In the last couple of days, I was ill and had to stay in bed, so I've used this time also to tidy up the work that accumulated over the past year in cl-nlp. That was especially timely, considering the interest that was expressed in using it by some people who I've met at the recent Lisp-related events.

I've even assembled a rough checklist of the things that need to be finished to get it to v.1.0 and beyond.

Besides, after finishing the basic cleaning, I've returned to one of the programming tasks that has racked my head for long: tree pretty-printing. In NLP, we constantly have to deal with various versions of parse trees, like the constituency or dependency ones, but the problem is that they are not easily visualized. And good visualization plays, at least for me, a critical role in effective debugging, ideation and programming. It's an essential part of a solid interactive experience that is one of the fundamental traits of Lisp development.

For instance, a constituency tree is usually presented as a Lisp list. Here's an infamous example from the Penn Treebank:


(S
(NP-SBJ
(NP (NNP Pierre) (NNP Vinken) )
(, ,)
(ADJP
(NP (CD 61) (NNS years) )
(JJ old) )
(, ,) )
(VP (MD will)
(VP (VB join)
(NP (DT the) (NN board) )
(PP-CLR (IN as)
(NP (DT a) (JJ nonexecutive) (NN director) ))
(NP-TMP (NNP Nov.) (CD 29) )))
(. .) )

A dependency tree has several representations, all of which are not really intuitive to grasp. This is the Stanford format:


amod(ideas-2, Colorless-0)
amod(ideas-2, green-1)
nsubj(sleep-3, ideas-2)
root(sleep-3, sleep-3)
advmod(sleep-3, furiously-4)
punct(sleep-3, .-5)

And here's the CoNLL one:


0 Colorless _ _ ADJ 2
1 green _ _ ADJ 2
2 ideas _ _ NOUN 3
3 sleep _ _ NOUN 3
4 furiously _ _ ADV 3
5 . _ _ PUNCT 3

Also, Google's Parsey McParseface offers another - presumably, more visual - representation (using the asciitree lib). Still, it is not good enough, as it messes with the order of words in a sentence.

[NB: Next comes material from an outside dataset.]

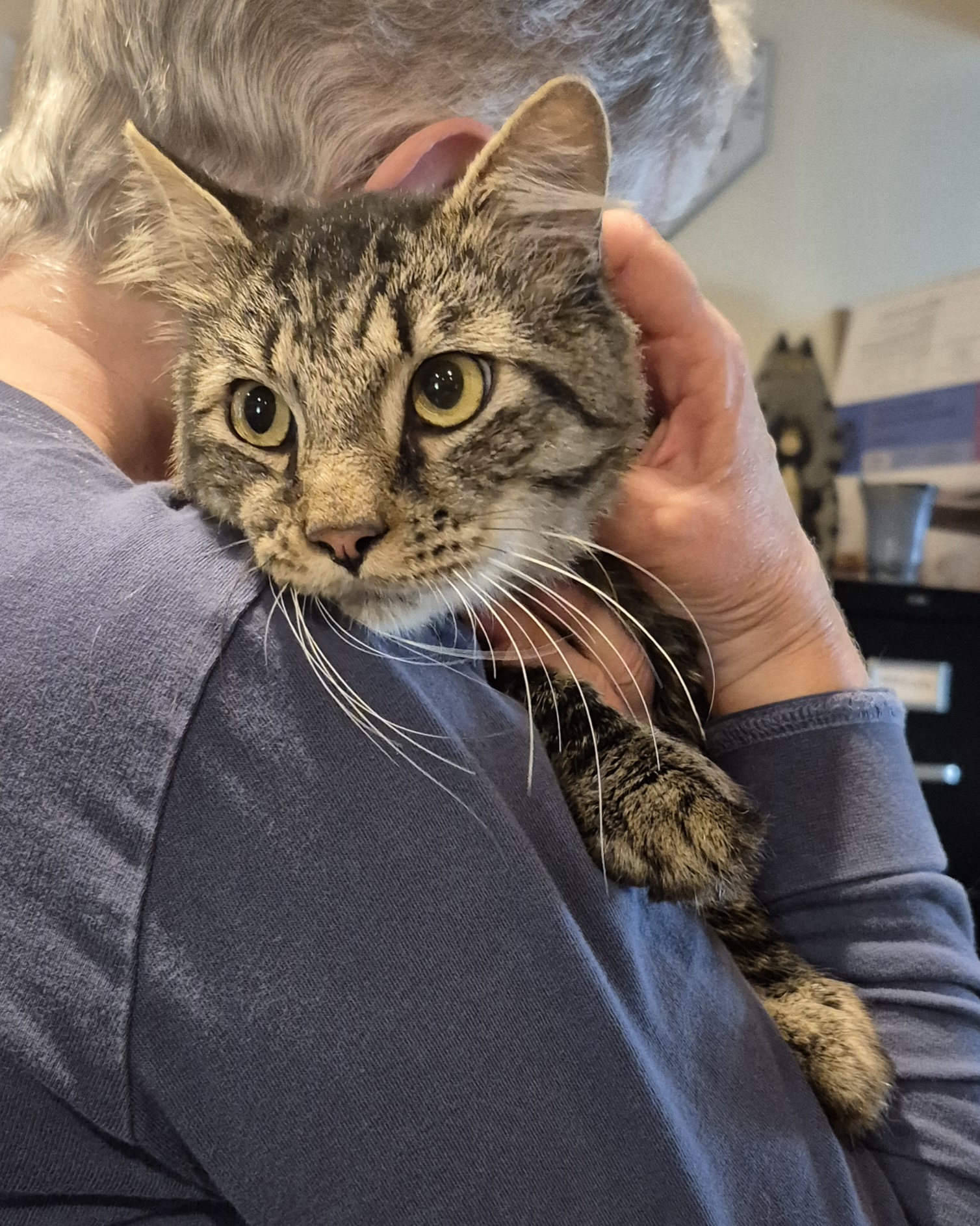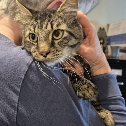 Hi there, I’m Jude—a 2-year-old brown striped tabby with short, soft fur and a gentle soul. Life hasn’t been the easiest lately. I was found wandering outside and brought to a county shelter because the person who found me couldn’t keep me. People think I used to be an indoor kitty and I think I’d really like to go back to having a safe, cozy home of my own.

Input: Bob brought the pizza to Alice .
Parse:
brought VBD ROOT
+-- Bob NNP nsubj
+-- pizza NN dobj
| +-- the DT det
+-- to IN prep
| +-- Alice NNP pobj
+-- . . punct

As you see, dependency trees are not trivial to visualize (or pretty-print) in ASCII. The authors of Spacy creatively approached solving this problem by using CSS in their displaCy tool:

However, it seems like an overkill to bring a browser to with you for such a small task. And it's also not very scalable:

I, in fact, was always interested in creative ways of text-based visualization. So, I thought of ways to represent parse trees in ASCII.

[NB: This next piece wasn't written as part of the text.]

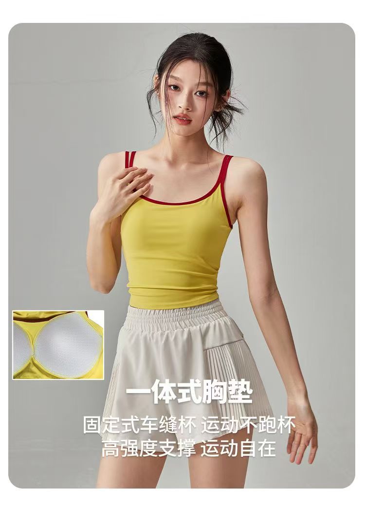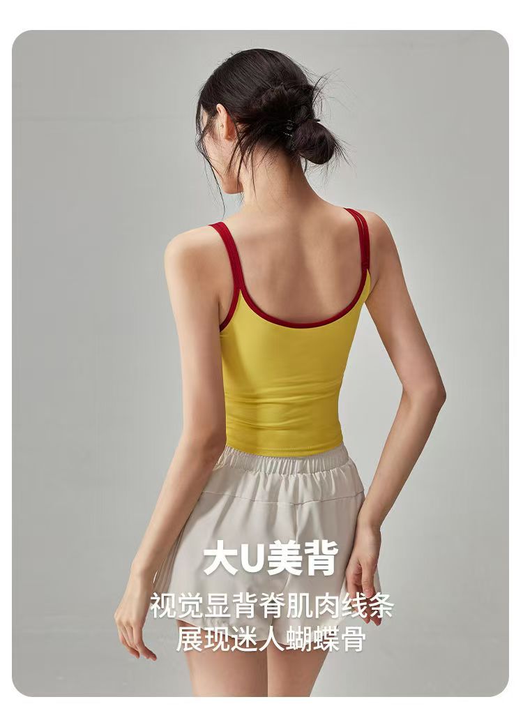 2025 여름 요가복 조끼, 가슴 패드가 있는 스포츠 브라, 슬리밍 민소매 필라테스 탑, 신상품스토어 가기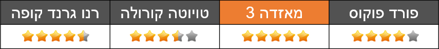 בין המאזדה והפורד התחולל קרב צמוד. שתיהן איכותיות מאוד, מלוטשות ומהנות לנהיגה; המאזדה פונה יותר לנהג ומציגה עיצוב פנים מעולמות היוקרה, תא נוסעים איכותי ומאובזר, הנדסת אנוש מצוינת והתנהגות כביש מהנה מאוד. היא גם נוחה יותר מדגמי העבר של ה-3 ונהנית מהביצועים הטובים ביותר במבחן.

With constituency ones, it's rather trivial:


> (pprint-tree '(TOP (S (NP (NN ))
(VP (VBZ )
(NP (DT )
(JJ )
(NN )))
(|.| <.:5 22..23>)))
TOP
:
S
.-----------:---------.
: VP :
: .---------. :
NP : NP :
: : .----:-----. :
NN VBZ DT JJ NN .
: : : : : :
This is a simple test .

The dependencies are trickier, but I managed to find a way to show them without compromising the sentence word order:


> (pprint-deps '(<This:0 0..4> <is:1 5..7> <a:2 8..9> <simple:3 10..16> <test:4 17..21> <.:5 22..23>)
'(root(_ROOT_-0, is-1) nsubj(is-1, This-0) dobj(is-1, test-4) det(test-4, a-2) amod(test-4, simple-3) punct(is-1, .-5)))
Colorless green ideas sleep furiously .
^ ^ .^ .^. ^ ^
: `. amod .´: ::: : :
`..... amod .....´: ::: : :
`. nsubj .´:: : :
:`. advmod .´ :
:`.... punct .....´
root

And it looks pretty neat even for longer sentences:


We hold these truths to be self - evident , that all men are created equal , that they are endowed by their Creator with certain unalienable Rights , that among these are Life , Liberty and the pursuit of Happiness .
^ .^. ^ .^ ^ .^. ^ ^ .^ ^ ^ ^ .^ ^ .^. ^ ^ ^ ^ ^ .^. ^. ^ .^. ^. ^ ^ .^ ^ ^ ^. ^ .^. ^. ^ ^. ^ ^ .^. ^. ^ ^
`. nsubj .´:: `. det .´: `. aux .´:: : `. punct .´: : : `. det .´: `. auxpass .´:: : : : : `. auxpass .´:: :: `. poss .´:: :: : `. amod .´: : : :`. pobj .´ ::: :`. punct .´ :`. cc .´ `. det .´:: :`. pobj .´ :
:`... dobj ...´ :: `. npadvmod .´: : : : ::`. advcl .´ : : : ::: :: :: :: `...... amod ......´: : : : ::: :: :: :`. prep .´ :
:: :`..... acomp .....´ : : `.. nsubjpass ..´:: : : : ::: :: :: :`......... pobj .........´ : : : ::: :: :`...... conj .......´ :
:`......... advcl ..........´ : : ::`... punct ...´ : : ::: :: :`. prep .´ : : : ::: :`.... conj ....´ :
:`..................... punct ......................´ `........... mark ...........´:: : : ::: :`... pobj ....´ : : : ::`. attr .´ :
:: :: : : ::`. agent .´ : : `... prep ....´: :
:: :: : `.. nsubjpass ..´:: : `...... mark ......´: :
:: :: `....... mark .......´:: : : :
:: :: :`............................ punct .............................´ : :
:: :: :`........................................ advcl .........................................´ :
:: :`................ advcl ................´ :
:`...................................... ccomp .......................................´ :
:`............................................................................................................................................ punct .............................................................................................................................................´
root

However, writing the visualization code was one of the most intimidating programming tasks I've ever encountered. One explanation is that trees are most naturally processed in depth-first order top-down, while the visualization requires bottom-up BFS approach. The other may be that pixel-perfect (or, in this case, character-perfect display is always tedious). As far as I'm concerned, this is not a sufficient explanation, but I couldn't find any other. The ugliest part of this machinery is deps->levels function that prints the dependency relations in a layered fashion. The problem is to properly calculate minimal space necessary to accommodate both tokens and dependency labels and to account for different cases when the token has outgoing dependency arcs or doesn't. In theory sounds pretty easy, but in practice, it turned out a nightmare.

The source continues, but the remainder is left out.